Training Deep Learning Models to Work on Multiple Devices by Cross-Domain Learning with No Additional Annotations

In this paper, recently published in the journal Ophthalmology, Yue Wu and his co-authors developed a unique method for training a model to identify the retinal layers on optical coherence tomography images, with the key feature that the model works successfully on optical coherence tomography (OCT) images from a different OCT device than the one that was used to obtain the training data. Although the field of deep learning image analysis is rapidly advancing, one major roadblock is the problem of domain shift, where models trained on a particular dataset may experience significant performance degradation when applied to slightly different datasets from different hospitals, imaging protocols, or device manufacturers.

A. Schematic of traditional supervised deep learning framework, with A being training images, Alabel being labeled masks, and U being a U-Net. B, Schematic of GANSeg, where GA2B denotes the generator of style A images into style B and vice versa for GB2A. U is a single U-Net that segments all versions of images derived from A (A, A2B, and A2B2A) and compares them with Alabel. C, Sample 256 × 256 cropped OCT B-scans from Duke Heidelberg (left) and Topcon 1000 (right) devices highlighting differences between the devices.

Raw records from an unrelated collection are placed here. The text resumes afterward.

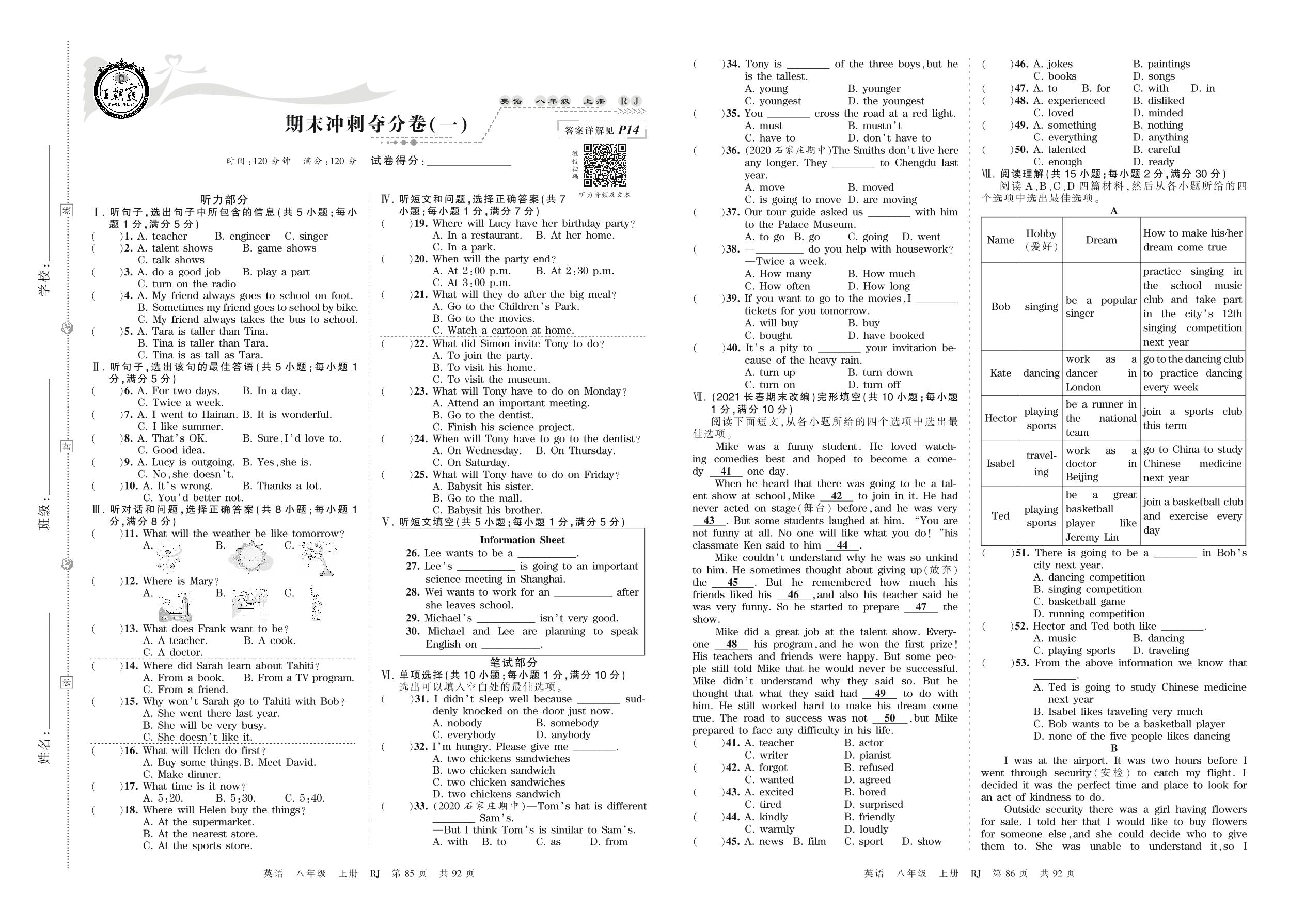 2021上册八年级英语人教版 期末冲刺夺分卷(一)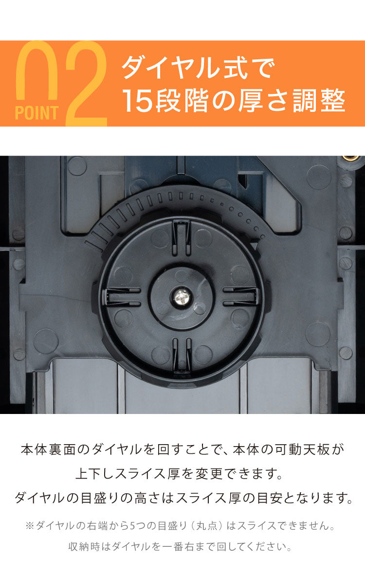 ダイヤルの右端から5つの目盛り(丸点)はスライスできません。収納時はダイヤルを一番右まで回してください。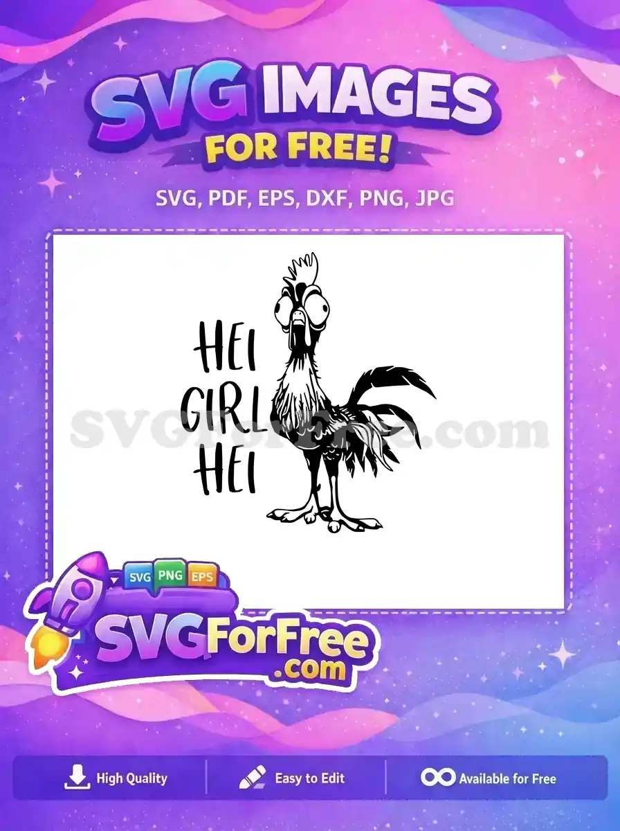 Heihei the rooster from Moana looking goofy with “HEI GIRL HEI” text. A fun, free downloadable graphic.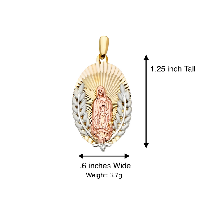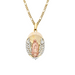 14k Virgin Mary TriColor Oval Pendant with Solid Figaro Chain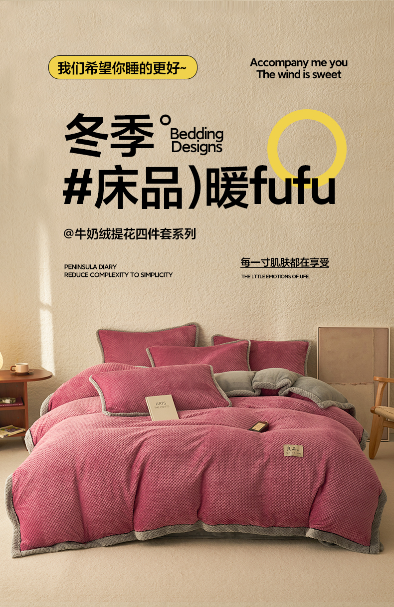 商品名称:早晨家纺 2025新款尚流款牛奶绒提花四件套 尚流-豆沙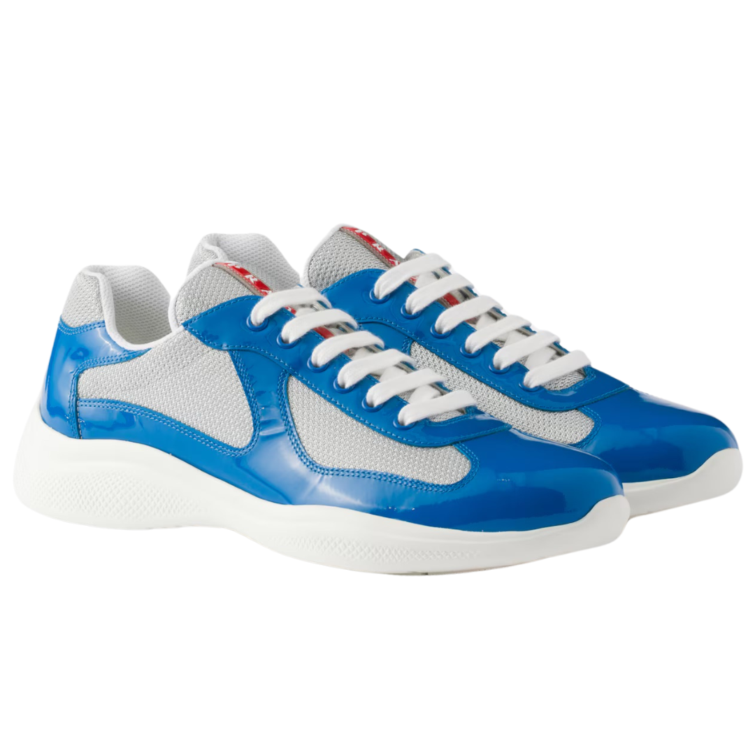This pair showcases smooth white leather paired with contrasting blue leather overlays, giving a bold yet versatile look suitable for both casual and smart-casual wear. The signature red Prada tab on the tongue adds an unmistakable touch of prestige, while the lightweight rubber sole ensures comfort and durability for everyday use.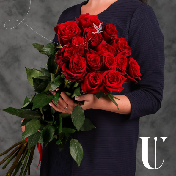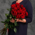 Монобукет из 25 роз огненных роз сорта Атомик 60 см в упаковке
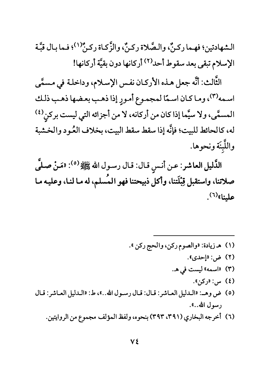 الدَّليل العاشر: عن أنسٍ قال: قال رسول الله - صلى الله عليه وسلم - (¬٥): "مَنْ صلَّى صلاتنا، واستقبل قِبْلَتنا، وأكل ذبيحتنا فهو المُسلم، له ما لنا، وعليه ما علينا" (¬٦).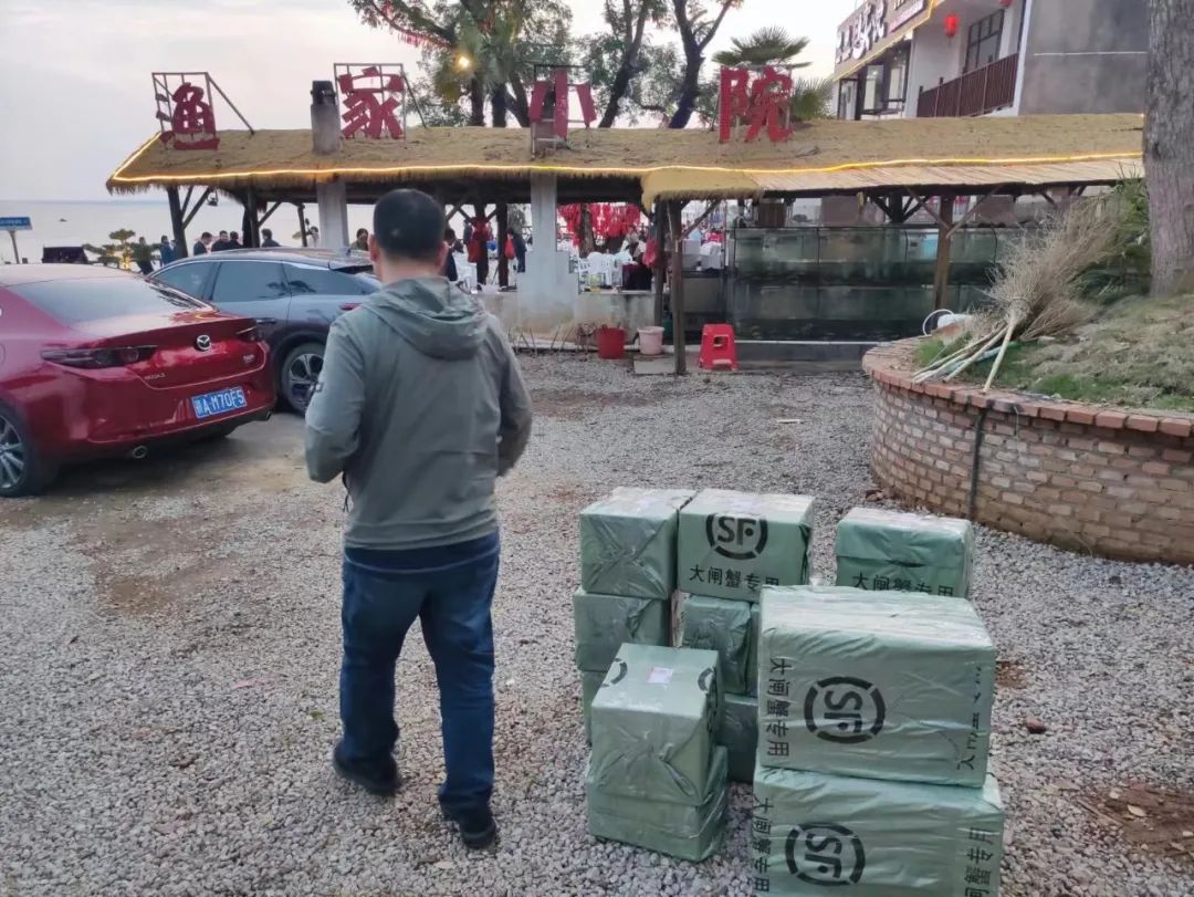 ▲鲜活的大闸蟹装箱,用无人机运至餐厅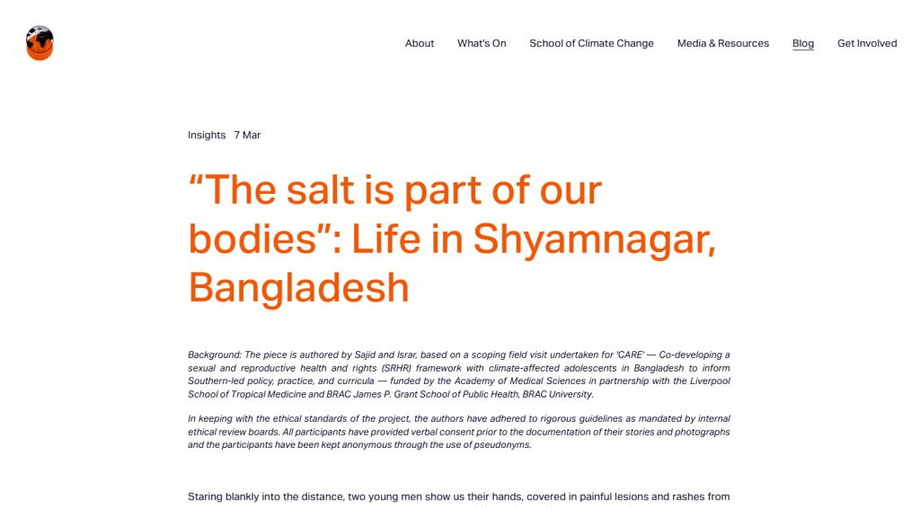 A blog based on a scoping field visit undertaken in Shyamnagar, Satkhira written by CARE Team members Israr Hasan and Md. Sajid Sultan Haque has been published on Oxford Climate Society Blog . Click the underlined text to read this blog.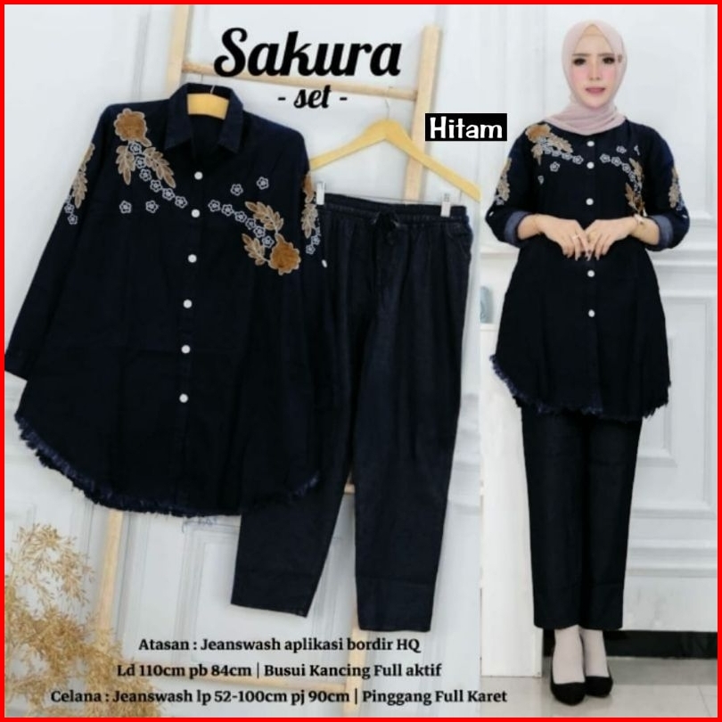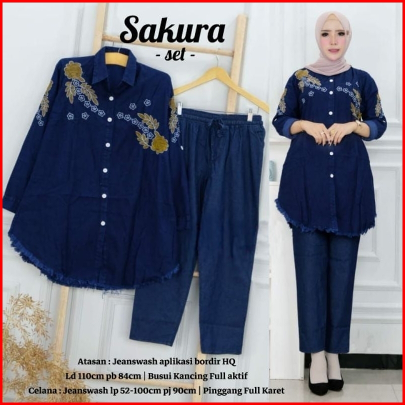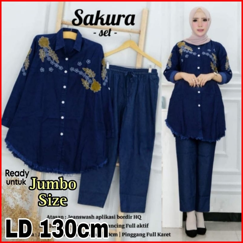 Setelan Wanita Jeans Ada Juga Jumbo Pakaian Denim One Set Premium Bordir Bunga Perempuan Busui Hq

This segmentation model, called GANSeg, was able to segment OCT B-scan images from a Topcon 1000 OCT machine in a completely unsupervised fashion, even though the only labeled data it had access to was from a Heidelberg Spectralis OCT machine. The authors used a generative adversarial network (GAN) in combination with a supervised U-net model to achieve this unsupervised cross-domain learning. GANSeg had access to only raw, unlabeled Topcon 1000 B-scans during training, which helped the GAN component of GANSeg learn the Topcon 1000 style so that it could be applied to the Heidelberg scans. In this way, the GAN component augmented the dataset by pairing Heidelberg labels with Heidelberg scans in the style of Topcon 1000, thereby allowing the U-net segmentation model to perform well on both Heidelberg and Topcon 1000 styles. GANSeg performed as well in terms of Dice score as human graders for the held-out test Heidelberg B-scans, achieving Dice scores ranging between 70% and 100%. for the different retinal layers. The authors also trained a U-Net on only Heidelberg images to serve as a baseline comparison, and this model was not able to perform as well as GANSeg on the images from the Topcon device.

Three example Topcon Maestro2 segmentations. The columns are, respectively, the raw B-scan, labels by Moorfields grader 1, GANSeg M predicted segmentation, and U-Net M predictions.

These results were exciting, demonstrating the potential to address a recurring limitation related to working with images form different imaging devices, and greatly increasing the generalizability of deep learning algorithms for supervised tasks such as classification and segmentation.

Wu Y, Olvera-Barrios A, Yanagihara R, Kung TH, Lu R, Leung I, Mishra AV, Nussinovitch H, Grimaldi G, Blazes M, Lee CS, Egan C, Tufail A, Lee AY. Training Deep Learning Models to Work on Multiple Devices by Cross-Domain Learning with No Additional Annotations. Ophthalmology. 2023 Feb;130(2):213-222.